Showing posts with label FDR. Show all posts
Showing posts with label FDR. Show all posts

Tuesday, June 5, 2007

Bush and Putin repeating history?


If you were filling out an SAT exam, and one of those ever-so-occasionally difficult "A is to B... as C is to _" questions came up, how would you answer the following:

BUSH > PUTIN as TRUMAN > __________

Well, perhaps this isn't so difficult because, well, STALIN was in power round about when Harry was, so you do have limited choices. Why the comparison?

DeTocque was struck by this article in today's FT. Basically, we have Putin reading Bush the riot act over this missile defense nonsense, while Bush's response is, in typical black-and-white Bushish, "Russia is not hostile. Russia is our friend." (DeTocque will avoid the probably necessary dissertation on W's simplistic language, but beg someone out there to write it, just for comedy's sake.)

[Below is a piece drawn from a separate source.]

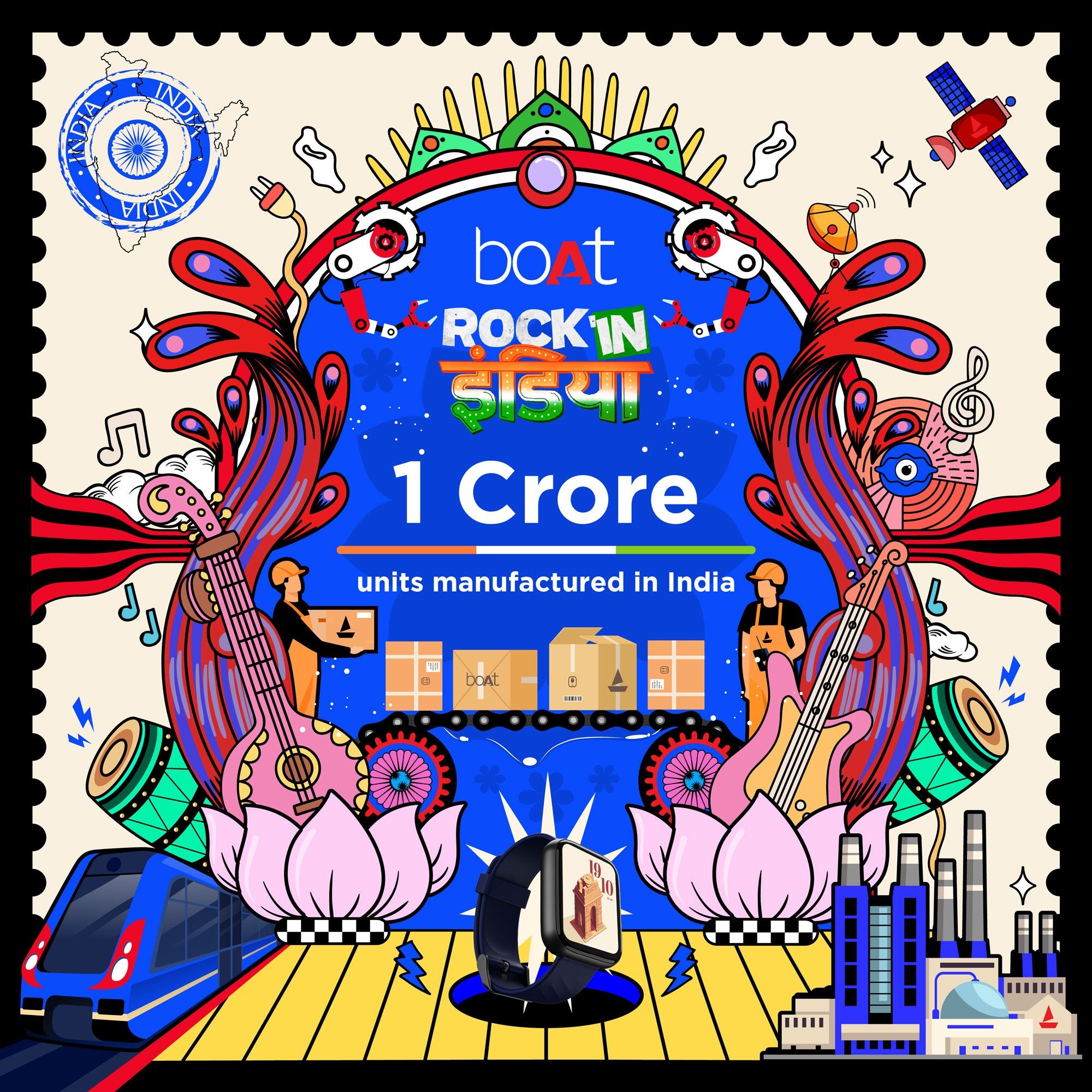 Celebrating this milestone on Republic Day of India 2023, boAt collaborated with Yash Pradhan to create an AR integrated & animated Artwork to depict Industrialisation with respect to our factories in India, the manufacturing processes, product unboxing and 1 crore milestone achievement. boAt became the first Indian smartwatch brand to manufacture 1 crore Make in India products.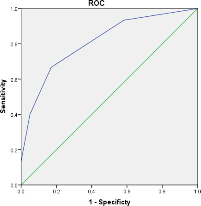 Figure 1: ROC curve of WCRDA in ruptured group.

Digressions aside, the Angry, Stubborn Ruskie and Pliant President sound eerily similar to character traits as explained in an excellent book DeTocque is finally finishing: "From Roosevelt to Truman" by Fr. Wilson Miscamble. The point here is that Stalin, despite having a weaker hand post-WWII (no A-bomb, little involvement in the Japanese theater, among other things) basically bullies Truman, SecState Byrnes, et al into accepting proportionally greater Soviet influence in the post-war make up of Europe (the greatest example of this would be the US abandoning Poland), just by being cantankerous.

Why would the comparatively stronger Truman accept such great Soviet influence? Because, Miscamble argues convincingly, he made the strategic decision to continue FDR's approach of emphasizing cooperation, even when it was against US-strategic interest, with the Soviets above all else.

The parallels are, of course, by no means exact, but they do merit mention.